Kareem also told Annahar that attending all classes virtually is a double-edged sword since he hates not being able to meet his classmates and professors in person on one hand, but enjoys relying on pre-recorded lectures that make studying easier and better, on the other hand.

 
Mona Samih Safieh has enrolled this year at the Lebanese International University (LIU)’s Accounting Information System program, and has been feeling that moving from high school to college in a non traditional way is less exciting, in light of multiple stressful educational, social, emotional, and health challenges.
“Till this moment, we don't know how effective and efficient it will be to study under these serious conditions, especially that receiving the information needed to graduate successfully may be hindered,” noted Safieh. 
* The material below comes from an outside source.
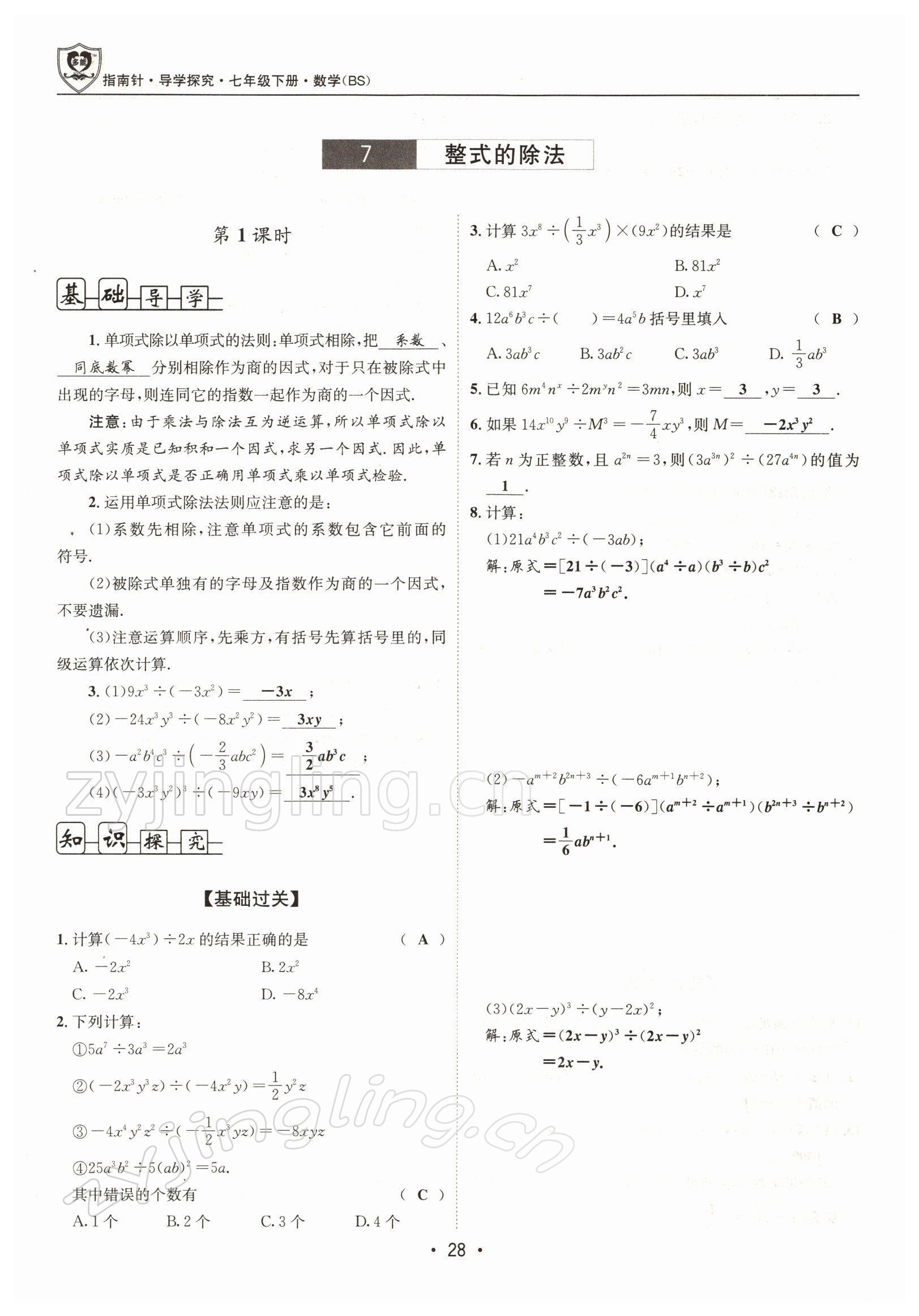 注:目前有些书本章节名称可能整理的还不是很完善,但都是按照顺序排列的,请同学们按照顺序仔细查找。练习册 2022年指南针导学探究七年级数学下册北师大版 答案主要是用来给同学们做完题方便对答案用的,请勿直接抄袭。

Caren Kandil, a chemistry pre-medical student at LAU, is also concerned about the effectiveness of remote learning, especially that she finds some lessons hard to understand while she has no other choice but to adapt to the current means of teaching. 

However, Kandil confirmed to Annahar that online studying triggered her sense of independence as she’s now framed in a spatio-temporal space to finish some chapters on time, which let her study daily and fastly.

“It's safer to study online in these circumstances, but attending university - at least once per week - [sounds good], just to change [our studying] environment and socialize with new people, to keep the process easier,” she suggested.

Meanwhile, first-year pharmacy student Sarah Ayache is attending most of her classes on campus - sanitary precautions taken -  upon the request of her university, the Beirut Arab University (BAU), while the rest is taught remotely.

“Starting university is already stressful enough because I'm being subjected to a whole new atmosphere, so under the [country’s] current circumstances, it's 10 times more stressful,” explained Ayache.

Business Major at LAU Omar Shaker feels the upcoming semester’s way of learning is unfair to most of the students.